Vavilov, dead for several years, is not mentioned anywhere in the Verbatim Report. He might be playing the role of Trotsky in this microcosm of Stalinist Biology. Marx-Engels-Lenin-Stalin :: Darwin-Timiryazev-Michurin-Lysenko; nobody labours the parallels explicitly, but many of the rhetorical flourishes are interchangeable.
The questions of the day – or rather, of 20 years before when the feud began in Russia – are the existence of ‘genes’ (Michurinists deny it absolutely) and the inheritance of acquired characters (which they passionately promote). Moreover, genetics is purely academic, and not geared to immediate full-steam-ahead production.
Note that the Michurinists (Lysenko and his suckups) claim Darwin (the CD who did not exclude the possibility of inherritance-of-acquired-characters) as the founder of their tradition, and also (logically independent) indulge in presenting their principles and methods (up to and including the cult of personality) as the biological instantiation of Soviet Marxism. What if anything follows from this?
Graculus says
Let’s just be clear on one thing, what Karl Marx actually wrote and what later can to be called Marxism were not the same thing. Marx himself declared that he was not a “Marxist”. Soviet-style communism abandoned Marx. So demonstrating that Marx accepted Darwin’s Theory doesn’t mean jack+shit about whether a “Marxist” government does.

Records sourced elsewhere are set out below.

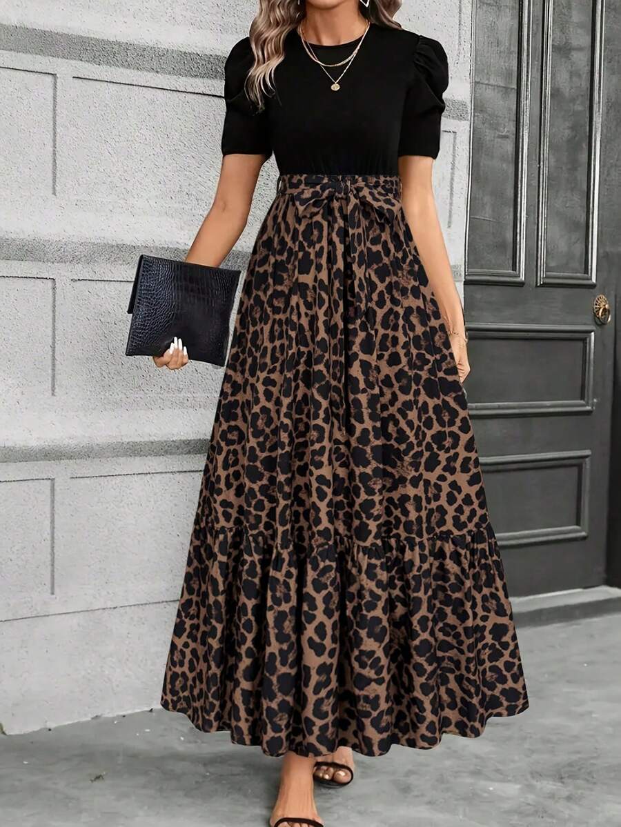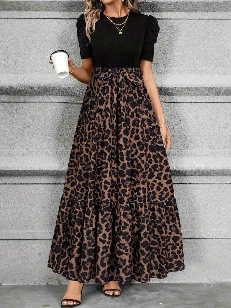 Christmas Keke Bloomly Puff Sleeve Bow A-Line Dress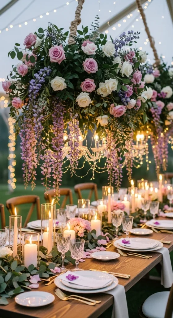 Hanging floral chandeliers make a breathtaking centerpiece. They draw eyes upward and fill the air with fragrance. Use lush blooms like roses or peonies for a romantic vibe, or mix eucalyptus and wildflowers for a boho feel. Hang them above dining tables or the dance floor to create visual drama. **Suspend them with clear wire or rustic rope** to match your theme.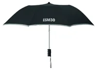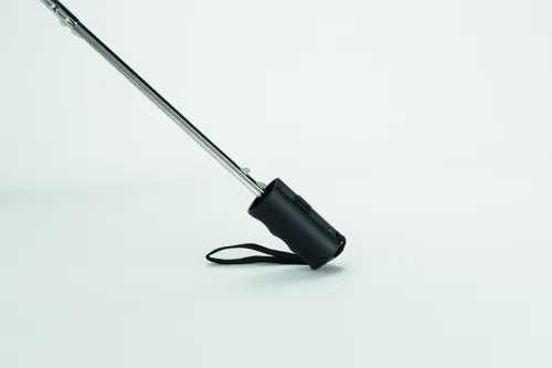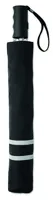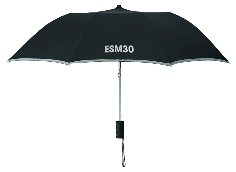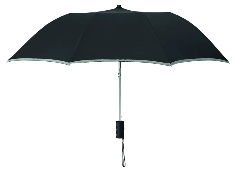 21 colos, 2 szakaszos összecsukható, automata esernyő 190T nyersselyem anyagból. Galvanizált acél nyél, váz és csúcsok. Fényvisszaverő díszítés a paneleken. Fekete műanyag markolat csuklópánttal. Hozzáillő tokban. Manuális záródás.

Darwin did not so much influence Marx as provide a “data point” in Marx’s philosophy, it demonstrated historical materialism in nature as well as human affairs. Marx was much more heavily influenced by Adam Smith than by Darwin.
More salient is that both Marx and Darwin were inimical to Soviet-style communism, and both were rejected, although their names were retained for the cachet value.
George Cauldron says
Boy, do I get really tired of the Christian/Creationist/Anti-Darwin argument that Darwin/atheists/evolutionary biology, etc., etc., is/are wrong and evil because Hitler or Stalin or some other criminal supposedly subscribed to it. By this logic I could claim that Christianity leads to evil because Ted Bundy was a Christian.
No, don’t you see, Ted Bundy couldn’t have been a Christian because no Christian would have done the things he did. Problem solved.
But somehow ‘Darwinists’ are still all Nazis and Stalinists.